We can clearly see that the most used/viewed tags are all very closely related to machine-learning and data analysis. Python seems to be the foundation upon which a lot of the above is built on, so it's natural that python and pandas would be used hand-in-hand.

Data Analysis - Deep Learning¶

Before we make an official recommendation, it would be nice to solidify our findings with some more concrete proof. One thing that comes to mind is "is deep learning just a fad?" Ideally, the content we decide to create will be the most useful for as long as possible. Could interest in deep learning be slowing down? Let's find out!

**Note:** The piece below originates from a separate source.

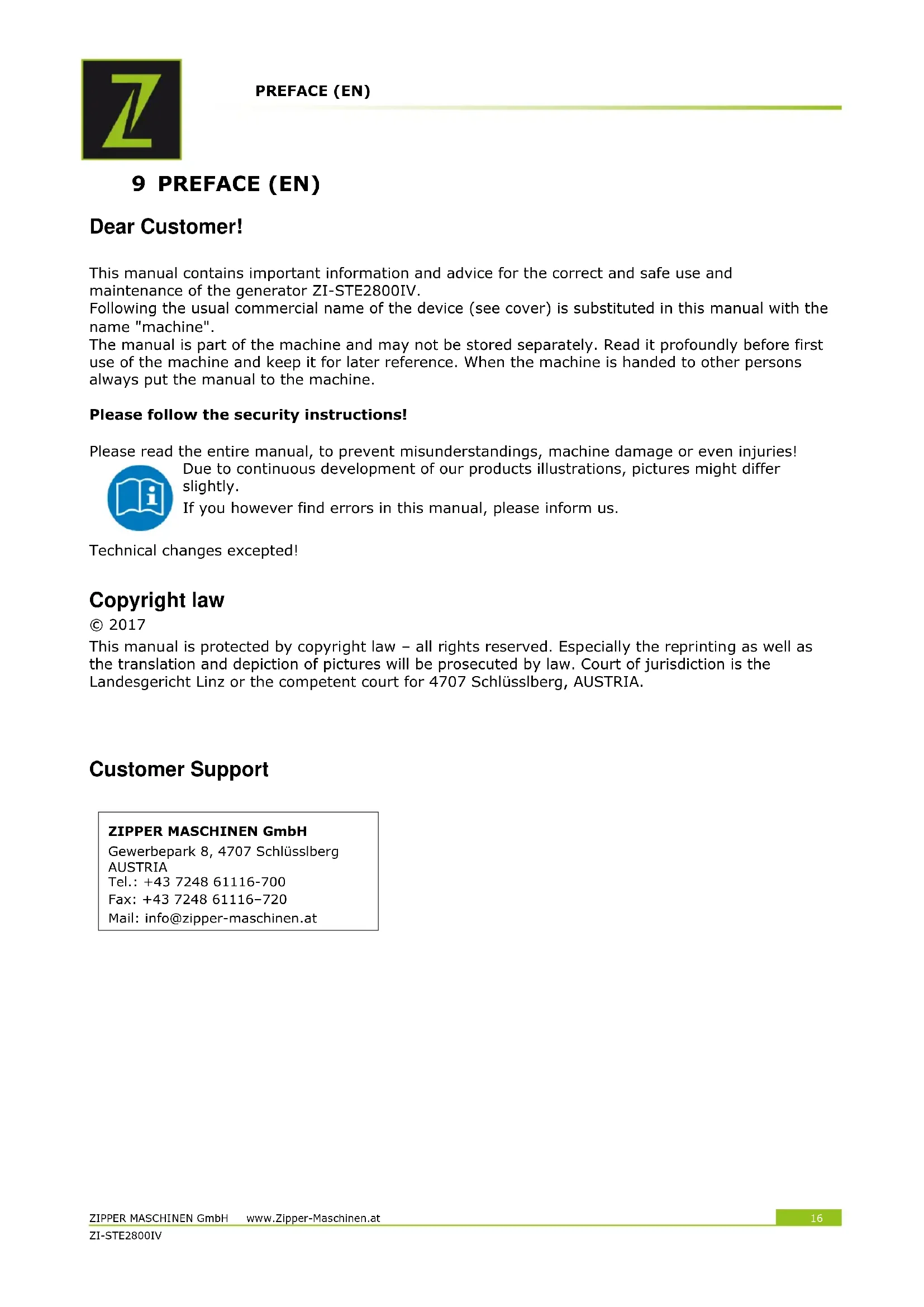 HIN WEIS Sollten sie sich bei notwendigen Reparaturen nicht in der Lage fühlen diese ordnungsgemäß zu verrichten, oder besitzen sie die vorgeschriebene Ausbildung dafür nicht, ziehen sie immer eine Fachwerkstätte zum Beheben des Problems hinzu.PREFACE (EN) ZIPPER MASCHINEN GmbH www.Zipper-Maschinen.at 16 ZI-STE2800IV 9 PREFACE (EN) Dear Customer! This manual contains important information and advice for the correct and safe use and maintenance of the generator ZI-STE2800IV. Following the usual commercial name of the device (see cover) is substituted in this manual with the name "machine". The manual is part of the machine and may not be stored separately. Read it profoundly before first use of the machine and keep it for later reference. When the machine is handed to other persons always put the manual to the machine. Please follow the security instructions! Please read the entire manual, to prevent misunderstandings, machine damage or even injuries! Due to continuous development of our products illustrations, pictures might differ slightly. If you however find errors in this manual, please inform us. Technical changes excepted! Copyright law © 2017 This manual is protected by copyright law – all rights reserved. Especially the reprinting as well as the translation and depiction of pictures will be prosecuted by law. Court of jurisdiction is the Landesgericht Linz or the competent court for 4707 Schlüsslberg, AUSTRIA.

We begin by going back to the Stack Exchange Data Explorer, and perform a new query that fetches all questions ever asked on DSSE, with both their dates and tags.

SELECT Id, CreationDate, Tags
  FROM posts
 WHERE PostTypeId = 1;

We then download the results as a new .csv file named "all_questions.csv".

In [15]:

#reads in our new data
all_questions = pd.read_csv('all_questions.csv', parse_dates=["CreationDate"])
all_questions.head()

Out[15]:

	Id	CreationDate	Tags
0	14680	2016-10-21 10:19:08	<machine-learning><backpropagation>
1	14685	2016-10-21 15:33:24	<data-mining><dataset><data><sql>
2	14686	2016-10-21 15:48:03	<predictive-modeling><statistics><social-netwo...
3	14688	2016-10-21 16:58:18	<machine-learning><scikit-learn><tensorflow><k...
4	14690	2016-10-21 17:29:49	<machine-learning><python><data-cleaning><visu...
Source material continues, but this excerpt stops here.